But once she'd returned to life she was too wide-awake to calm down. She'd dozed and thought about Bernardino, how he'd promoted her. She'd thought about the search for the poor little girl who'd been held for ransom by a neighbor, then murdered. Her first kidnaping and homicide. April had been the one to see the little sneakered foot peeking out of a half-zipped sleeping bag in a pile of garbage behind a Chinatown building, years ago. Now Bernardino was gone, efficiently executed by what appeared to be a professional. But why Bernie?

April had been in a lot of fights over the years, but only practice fights. Competition. Nobody had ever tried to kill her. Last night a man had tried to kill her. Now she knew what it felt like, and it didn't feel good. She wouldn't forget that iron forearm pressing into her neck. Her defensive moves kept playing in her head. Pathetic. She'd resisted, but not well enough. A little more pressure and he would have crushed her voice box-and maybe ended her life as well. He could have snapped her neck like a twig, as he'd done to Bernardino, but he hadn't. She was lucky. But she didn't feel lucky; she felt shamed.

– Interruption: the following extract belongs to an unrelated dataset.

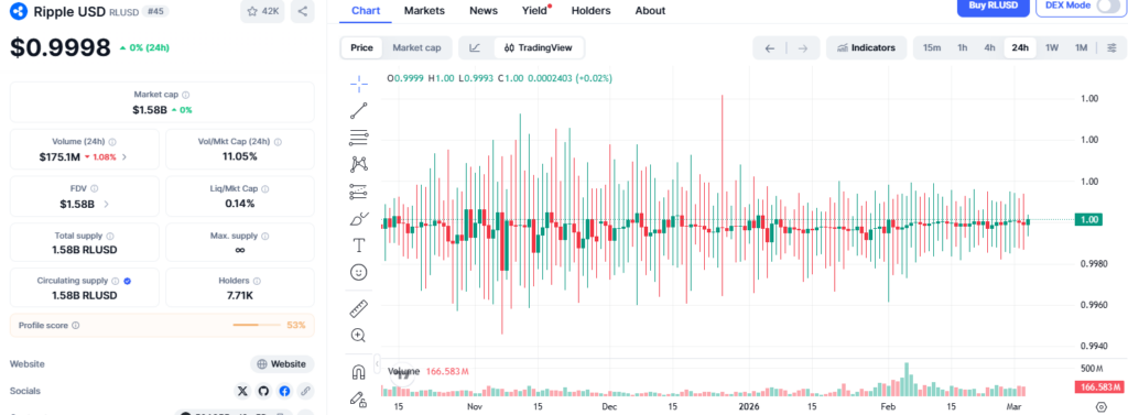 CoinMarketCap data showed Ripple’s USD circulating supply reached roughly 1.5 billion tokens. The dollar-pegged asset represented a small share of the global stablecoin sector, which remains dominated by larger issuers. Still, Ripple gradually integrated the token deeper into its institutional payment infrastructure.

All through the night her privacy curtain was pulled all the way around her bed, and the faint glow of the night-light beamed ten thousand questions at her. People didn't usually kill cops on purpose. Sometimes they got in the way when something bad was happening, like a cop walking into a particularly violent domestic dispute and getting knifed while trying to break up a fight. Or someone responding to a radio call for a DUI and ending up shot in the face when he approached the driver's side of the car. Nothing personal. Accidents.

Cops didn't get assassinated after their retirement parties. This was personal. April knew Bernardino. She'd worked with him and known his cases, but that was years ago. She had no idea what he'd been working on lately. She worried about it, drifted off to sleep, was awakened when a new patient was brought in at four-fifteen. She could hear the nurses whispering. It was an old woman with death-rattle breathing. April didn't want her to die right next to her. One death that night was enough. She wanted to go home.